Michigan’s Carl Levin Announces Retirement From Senate
Michigan Senator Carl Levin is the latest member of the upper chamber to announce that he will not be running for re-election in 2014:
WASHINGTON — Senator Carl Levin, a liberal fixture in the Senate and in Michigan, which he has served since 1979, said Thursday that he planned to retire, saying he would spend the next two years focusing on legislative business and not campaigning.
“This decision was extremely difficult,” he said in a statement, “because I love representing the people of Michigan in the U.S. Senate and fighting for the things that I believe are important to them.”
Mr. Levin, a Democrat, is the state’s longest-serving senator.
In speaking with his wife, Mr. Levin added, “we decided that I can best serve my state and nation by concentrating in the next two years on the challenging issues before us that I am in a position to help address; in other words, by doing my job without the distraction of campaigning for re-election.”
Mr. Levin, 78, who is chairman of the Senate Armed Services Committee, is one of a growing list of senior Democrats who will not seek re-election in 2014, leaving Republicans more opportunities in their attempt to take back the Senate. Several other Democratic incumbents are defending their seats in tough states.
Senators Tom Harkin of Iowa, Frank R. Lautenberg of New Jersey and John D. Rockefeller IV of West Virginia have said they will not seek re-election. Two Republicans, Senators Saxby Chambliss of Georgia and Mike Johanns of Nebraska, have also said they will not run.

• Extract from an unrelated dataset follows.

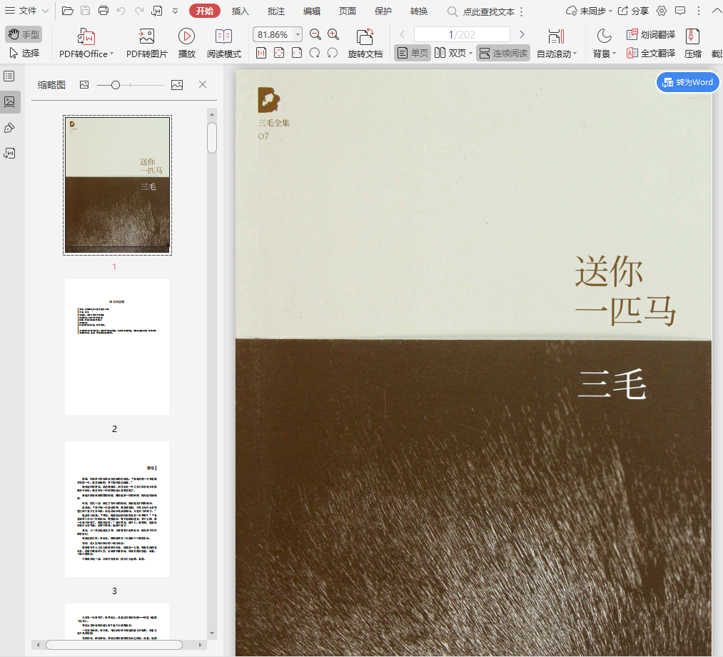 3、很喜欢三毛,从那一本记录了各国流浪的《万水千山走遍》开始,喜欢她的率性,喜欢她文字的平易近人,还有她幸福却又悲伤的经历。不过,那是高中时候对她的印象,自由,率性,坦诚,美好。那是高中时候对她的印象,因为喜欢文字,所以一直期盼着能有她那样的生活。不过,最近读完《送我一匹马》之后,我才觉得了解她更深了一些。

Michigan seems an unlikely pickup for Republicans in 2014. For one thing, they don’t seem to have a very deep bench of potential candidates. Pete Hoekstra was deemed to be the candidate best positioned to beat Debbie Stabenow in 2012, and he ended up losing by double digits. It’s unclear exactly who in the Michigan GOP would be positioned for a viable Senate run this time around. The Michigan GOP’s other problem is that their 2010 success in statewide elections there appears to have been something of a fluke. Since then, they’ve lost the Senate race, Mitt Romney lost the state to President Obama by nearly ten percentage points. Finally, Governor Rick Snyder, who will on the ballot for re-election in 2014, currently trails all of his prospective Democratic opponents. At this point, I’d rate Michigan a Democratic Hold.